From what you included, since 1980 to 2016, energy usage has doubled, from
281btu to 572btu [1].

Yes, we can become more efficient with the energy we use, but we still use
energy, and we still use more of it. If we can use energy without generating
heat, then we are good.

Additionally, dangerous part is that, as we are more efficient, we find new
use of resource that gobbles up the efficiency gains. [2]

[1]
[https://www.eia.gov/beta/international/data/browser/#/?c=410...](https://www.eia.gov/beta/international/data/browser/#/?c=4100000002000060000000000000g000200000000000000001&ug=4&vs=INTL.44-1-AFRC-
QBTU.A&vo=0&v=H&end=2016) (scroll down to chart to see world consumption)

[2]
[https://en.wikipedia.org/wiki/Jevons_paradox](https://en.wikipedia.org/wiki/Jevons_paradox)

------
man-and-laptop
There's an argument that models of the Earth's climate can _not_ be made
especially accurate. This is because of chaotic behaviour in the underlying
differential equations, and the likely presence of unknown factors that
influence the Earth's climate but are not present in these models.

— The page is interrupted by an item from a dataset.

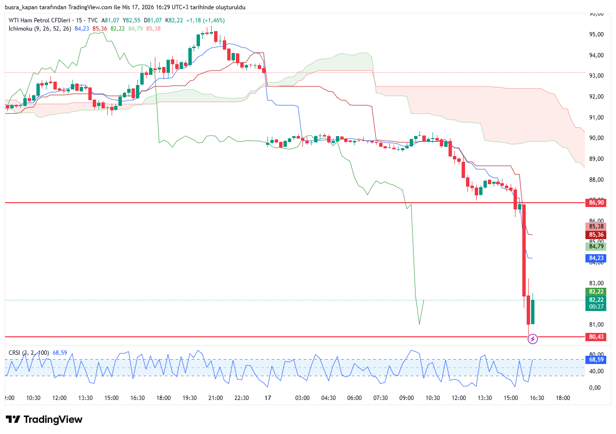 Ham petrolde de düşüşler görüldü. Ham petrol 86,90 seviyesinden sert düşüş yaşayarak 80.43 seviyesine geriledi.

But this is actually an argument in _favour_ of reducing carbon emissions. If
we're dealing with a system we can't understand, where messing with it could
cause immense damage to humankind, then maybe that's enough of a reason to
stop messing with it.

In general, whenever you're taking a risk with a potentially massive downside,
where the outcome is hard to predict (because of chaos, "unknown unknowns"),
then you should stop taking that risk.

_________________________________________

Regarding what to do about climate change, Taleb has a theory called "minority
rule" that could help here. It says that an intransigent minority, maybe
around ~1% of people, can force a passive majority to do the things they want.
A good example of this is kosher / halal food in the US / Europe, where an
intransigent minority of people have forced a large percentage of food to be
certified kosher / halal, perhaps unintentionally. As such, the solution to
reducing emissions might be to set up an environmental "beth din" which
certifies whether a product is "environmentally kosher" or not. If an
intransigent minority only consumes products that are certified
environmentally kosher, the passive majority will fall in line.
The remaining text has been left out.